Lately I’ve been working on an 8080 emulator in Swift. The process of having to take a binary apart and figure out which byte is associated with which instruction has gotten me interested in programs and how they work under the hood.
Instead of doing some private research and calling it a day, I wanted to try and put things together into one place.
What Are Binaries?
A binary is nothing more than an executable chunk of data arranged in a certain way. In fact, everything on a computer is a chunk of data. Images, music, movies – these are all just sets of ones and zeros arranged in such a way that they can produce some meaningful output when interpreted in a certain way.
Understanding Binaries
As mentioned, a binary is just data. Nothing but a long series of ones and zeros, the same as everything else on a hard disk. Here’s the trick, though: ones and zeros can mean different things based on how you interpret them.
Take the following series of bits: 0100 0001 0100 0010. A byte is 8 bits, so we’re looking at two bytes. If you were to consult a hex editor, it would take each nibble (half a byte, or 4 binary digits) and display it as a hex digit (a single hex digit is 4 bits). It would tell you that this particular string represents 4142. It’s not wrong – this string is definitely 4142 in hexadecimal… but it can mean something entirely different depending on who you ask.
A text editor would take each byte and figure out which character that should be. By consulting an ASCII table, we see that 41 in hex is A, and 42 is B. So a text editor’s verdict would be that this particular binary string represents AB. Just like a hex editor tells you that its understanding of the string is 4142, the text editor is also correct. It’s all a matter of interpretation.
If the data wasn’t intended to be human-readable, the result will be mostly garbled. You’ve probably tried to open up a program in a text editor before and seen this yourself.
So, we know about the hex editor’s opinion, as well as the text editor’s. But what would a CPU think? Now things are getting interesting. Before we delve down that rabbit hole, let’s build a binary of our very own.
Building Our Own Binary
With the following source code, and a bit of help from a compiler, we can produce a binary which can then be executed by our computer.
The command I used was
gcc -fno-stack-protector -D_FORTIFY_SOURCE=0 -g -o hello_world hello_world.c, which asks gcc to produce a binary namedhello_worldfrom thehello_world.csource file. The extra arguments just make the output a little easier to deal with.
Alright, we’ve got our binary! Take it for a spin with ./hello_world. The output probably won’t surprise you.
Now that we have our program compiled, we can try to read the result. If you’re anything like me, you prefer reading English characters – a string of binary digits isn’t very helpful. A common way of reading a program after it has been compiled is by converting it to hex. Your computer will likely have a program for this exact purpose: hexdump.
hexdumps themselves aren’t actually that useful unless you know what to look for. An even better way to understand a compiled program is to run it through a disassembler.
To try out hexdump, let’s run our binary through it with the command hexdump -C hello_world. It’s a little on the lengthy side, but it’s worth looking over the entire thing.

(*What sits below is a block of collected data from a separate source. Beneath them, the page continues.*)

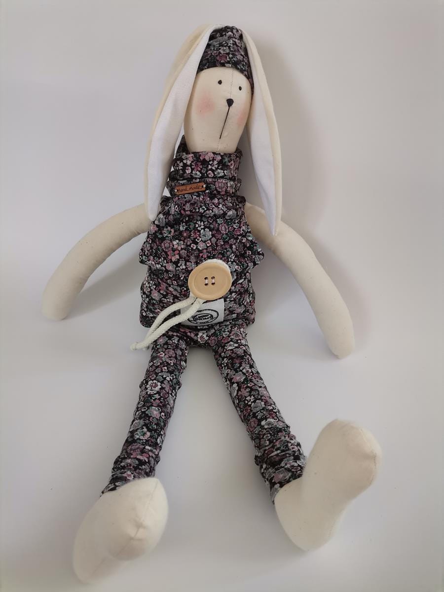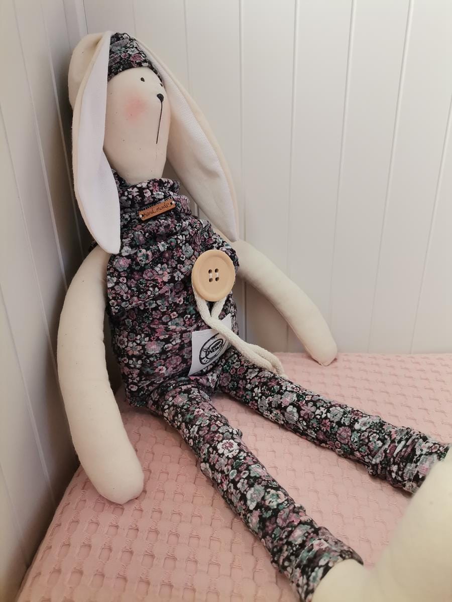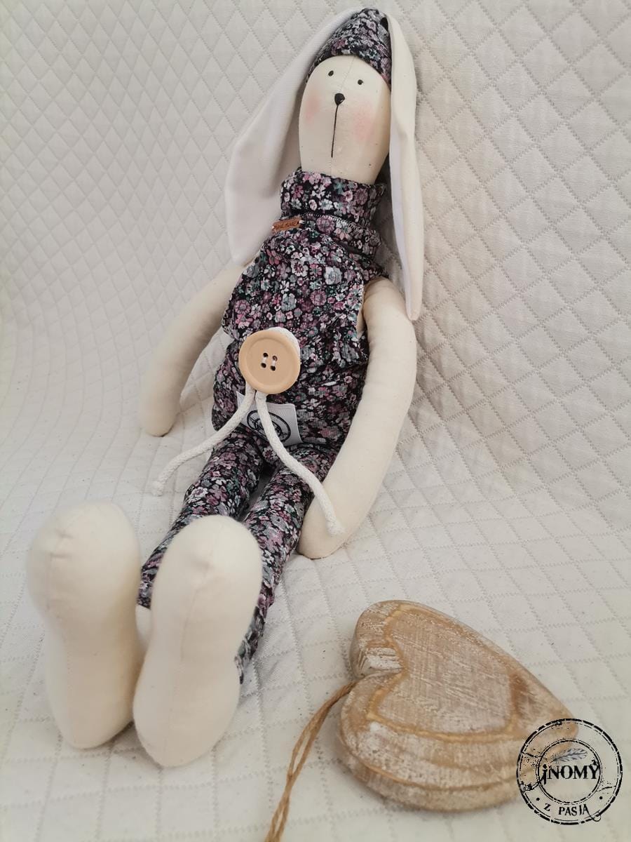 Zajączek ubrany w kwiecisty kombinezon z rozciągliwego materiału z drewnianym guzikiem oraz opaskę.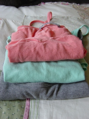So the best part.... folding! I love folding my clothes into neat little stacks. As I pull out the loads... blue was first yesterday, my folding table fills up with a wash of color- blues, then greys, then came the reds and pinks. You can see the progression of colors in the stacks. Each laundry day is different. I like the random color combinations that pop up. It gives me good ideas for new projects and I just fall in love with my clothes all over again. Here's an awesome color combo that happened randomly yesterday...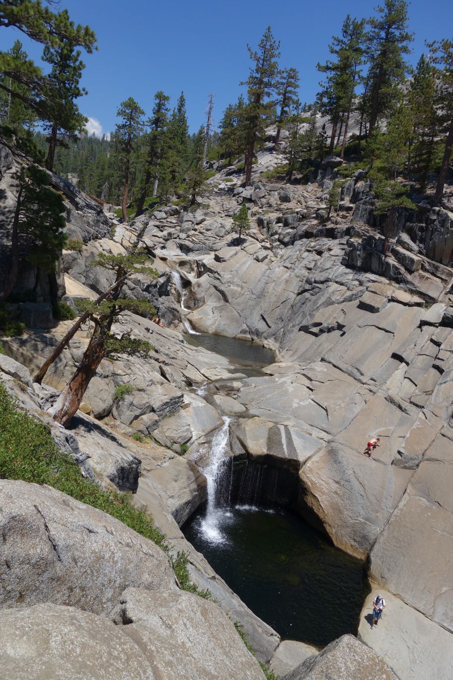 This is where a lot of hikers stop. Apparently we have to go up those rocks to the left of the falls – there’s a trail, but it gets steep, and there isn’t much shade. I don’t blame folks for stopping here, but we’re continuing on. Hopefully there will be less people on this second half the trail.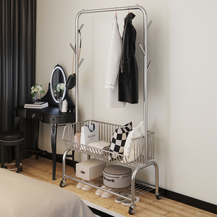 轻奢晾衣架落地卧室内挂衣架移动衣帽架家用隔夜衣服包收纳置物架

Because I compiled this on Mac OS X, I know from experience that the binary will be in the Mach-O format. I have trust issues though; let’s check anyway. According to this Mach-O format poster, the first 4 bytes should be CE FA ED FE. A quick comparison to the hexdump file confirms it – this is Mach-O!

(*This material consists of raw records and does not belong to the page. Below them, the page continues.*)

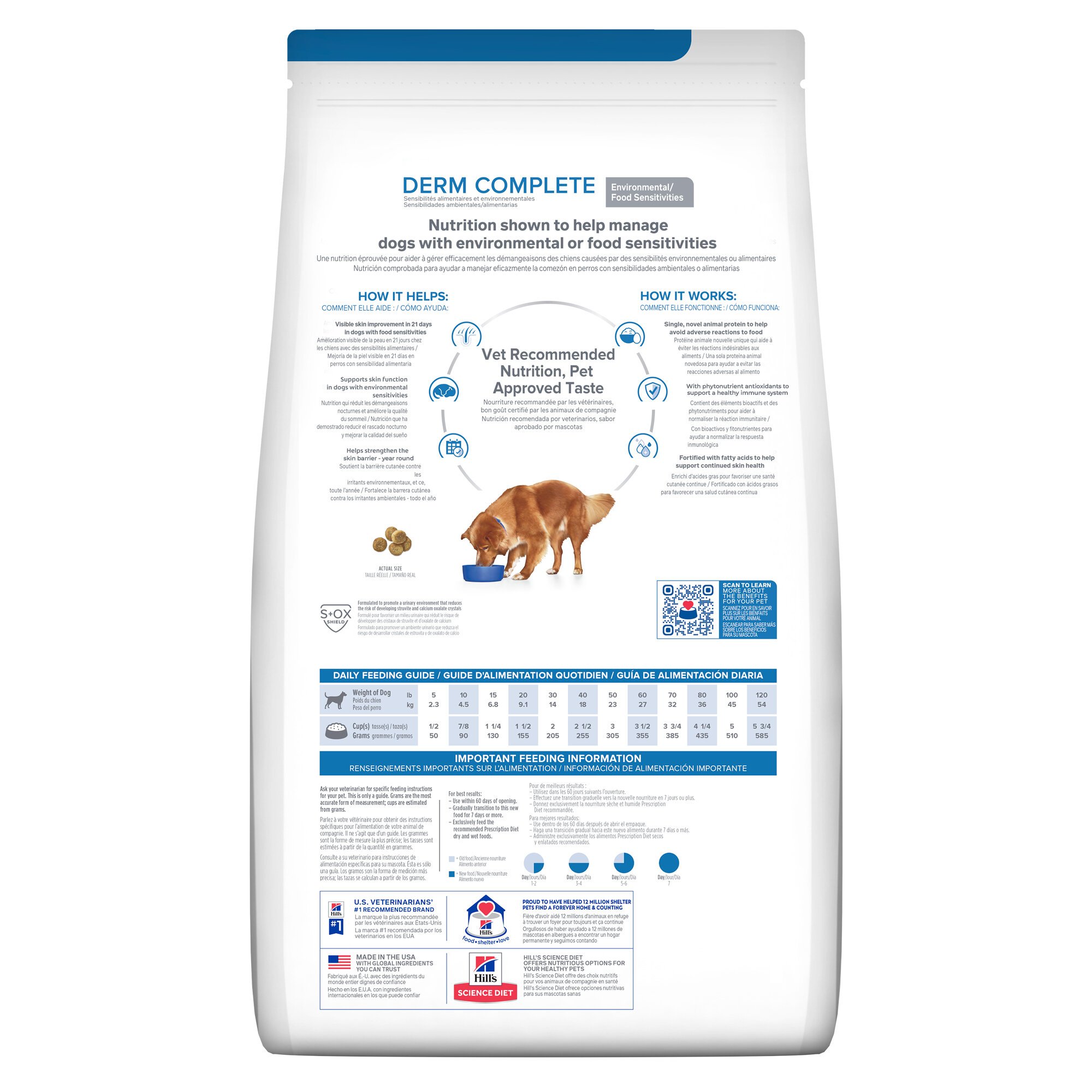 Hill's Prescription Diet Derm Complete Rice & Egg Recipe Dry Dog Food provides all the nutrition your dog needs and can be used long-term. Please consult your veterinarian for further information on how our Prescription Diet foods can help your dog to continue to enjoy a happy and active life. This dry food is made with delicious ingredients and has an irresistible taste that dogs love.
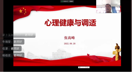 9月20日,团委书记张高峰以“心理健康与调试”为题,向2022级新生讲解心理健康教育相关内容,包括心理健康概述、大学生心理特点、心理调适方法等,通过案例分享及分析,帮助新生解答心理困惑,正确看待心理问题,培养平和理性的心态和良好的心理素质。
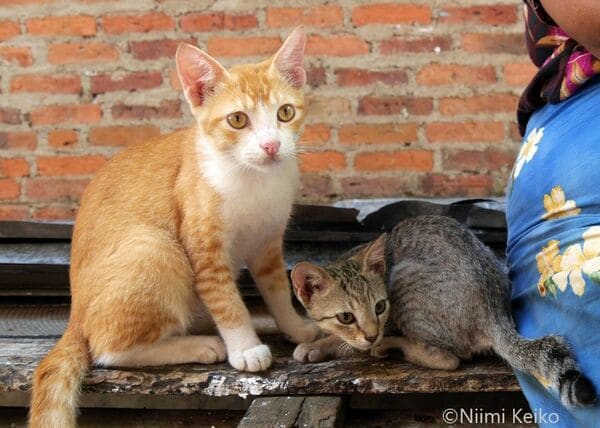 開け放たれた玄関から、猫が顔を出していました。この家の奥さんは、「涼しい場所は猫が知っている」と言っていました。日中は暑いネゴンボでは、猫がいる場所を参考にして涼む人もいるのだそうです。
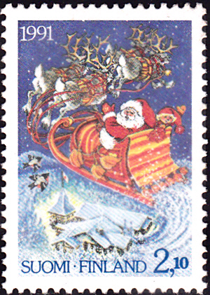 Es gibt noch eine zweite Marke in dieser Ausgabe aus Finnland (MiNr 1160) mit dem Weihnachtsmann im Rentierschlitten.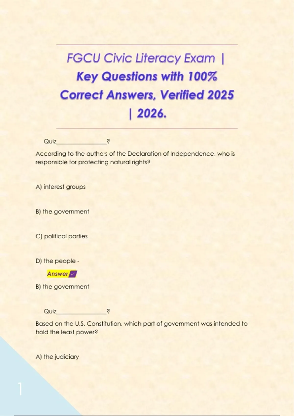 FGCU Civic Literacy Exam | Key Questions with 100% Correct Answers, Verified 2025 | 2026.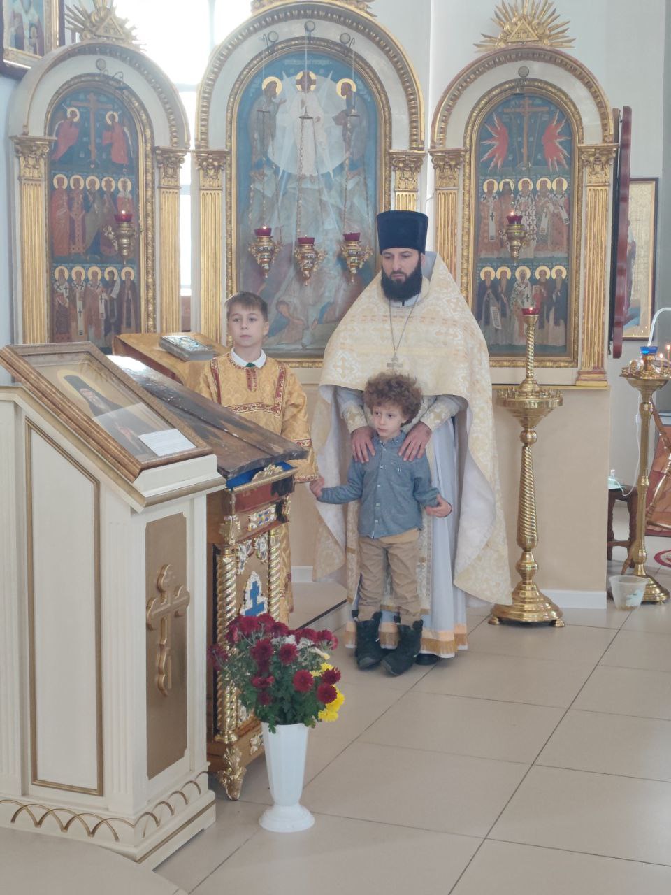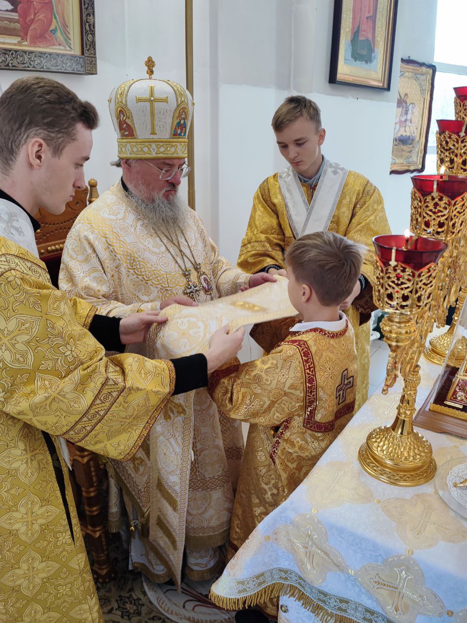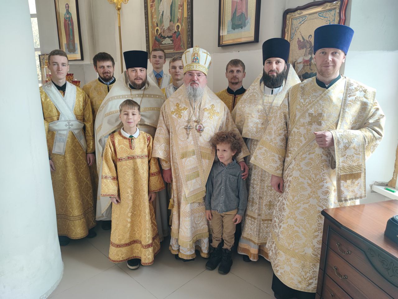 Архипастырю сослужили: протоиерей Антоний Хатунцев, иерей Андрей Товмасян- настоятель прихода и диакон Евгений Ковригин.

A nice feature of hexdump is that it will check whether each byte is printable – if it is, then it will display it in the right-hand column. This is why you can see “Hello, world!” right there in the hexdump. (If it’s not printable, it just puts a period instead.)
A binary format is a way of laying out a program. Mach-O is the way that Macs format their programs, so that each one can be understood by the operating system. Linux-based computers have a different format (ELF), with the same applying to Windows.
How CPUs Interpret Data
Previously, I asked how a CPU might interpret strings of ones and zeros. It does it the same way a text editor would: it reads a byte, and then decides what to do with it. A text editor decides which character to display, whereas a CPU decides which instruction to execute. The way it decides is through what is called an instruction set.

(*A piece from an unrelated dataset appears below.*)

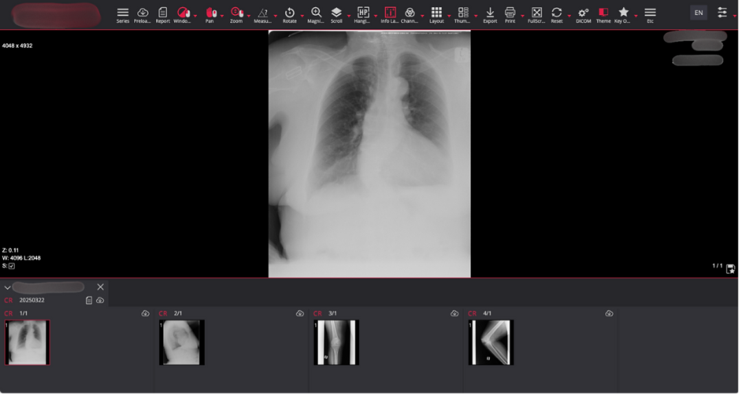 图:包含患者详细信息的胸部、肺部及腿部磁共振扫描图像

Each CPU has its own instruction set. 8080 processors have their own instruction set, 6502 processors have another. An instruction set defines everything that a computer can do – there are instructions for addition, multiplication, manipulating data, encryption, and much more. Every program you write can be distilled into these instructions.
For each byte in the text section of our hexdump (see the Mach-O poster for information on the text section), you can look up which instruction will be executed, and how many bytes it takes as arguments.
There’s not much more to say here without getting into assembly programming, which is a phenomenally large topic on its own. If you want to learn more, check out Programming From The Ground Up for a nice assembly intro.
If you’re curious, Intel has free PDFs about their architectures available. Never fear, new programmers: for regular programming jobs, you should never need to look at these.
Wrapping Up
You’ve learned that binaries come in all shapes and sizes, as well as how to rip one apart to understand how it operates. Not bad for a day’s work. Try writing a few programs of your own on various architectures, so you can get a feel for the various binary formats out there.
If you really want to step up your game, build a binary and then try to edit it so that it does something else. This is how people pirate software and do all sorts of shady things (don’t be a jerk).